▶ _RECORDS FOR THE EXERCISE_
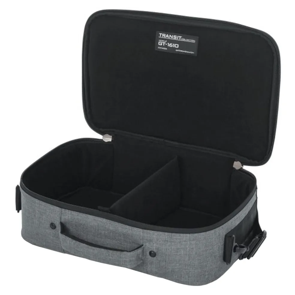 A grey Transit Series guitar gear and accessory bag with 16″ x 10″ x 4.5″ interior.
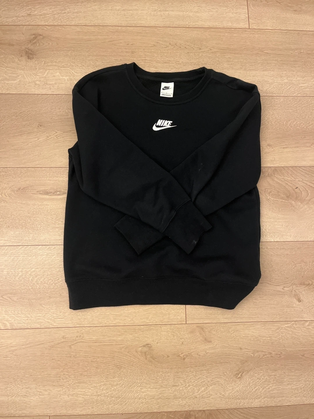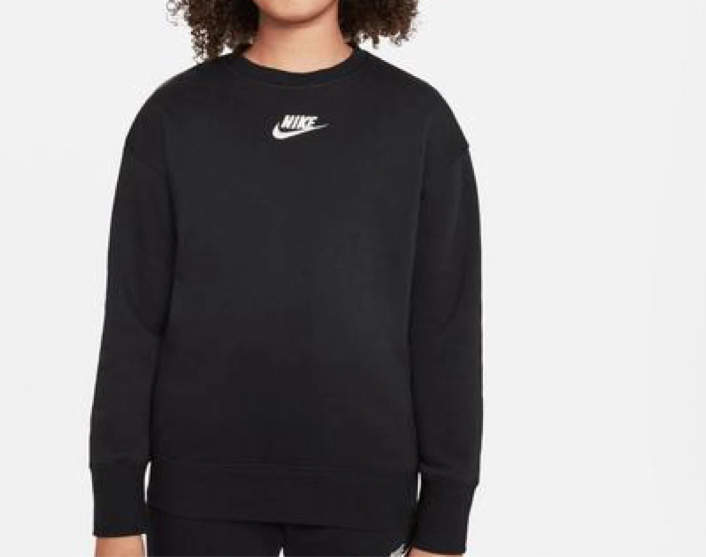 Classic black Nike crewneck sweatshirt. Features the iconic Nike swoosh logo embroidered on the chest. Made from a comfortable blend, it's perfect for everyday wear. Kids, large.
---
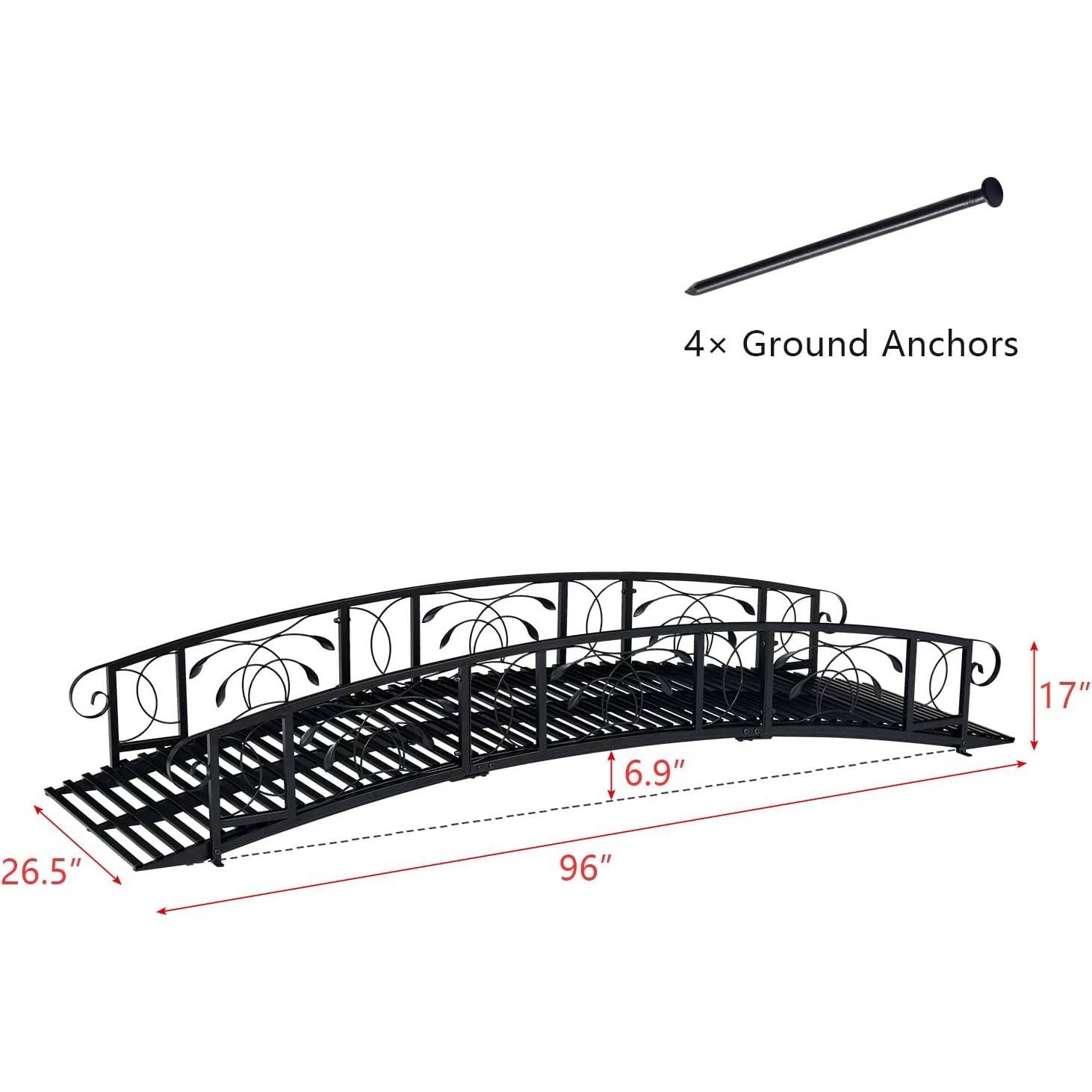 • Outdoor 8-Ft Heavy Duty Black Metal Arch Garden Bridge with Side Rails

▶ _WHAT THE EXERCISE ASKS_
Text only, no pictures: please print exactly the lines above from the line with "A grey Transit" up to and including the line with "Classic black Nike", and nothing else.

▶ _SOLUTION FOR THIS PROBLEM_
 A grey Transit Series guitar gear and accessory bag with 16″ x 10″ x 4.5″ interior.
 Classic black Nike crewneck sweatshirt. Features the iconic Nike swoosh logo embroidered on the chest. Made from a comfortable blend, it's perfect for everyday wear. Kids, large.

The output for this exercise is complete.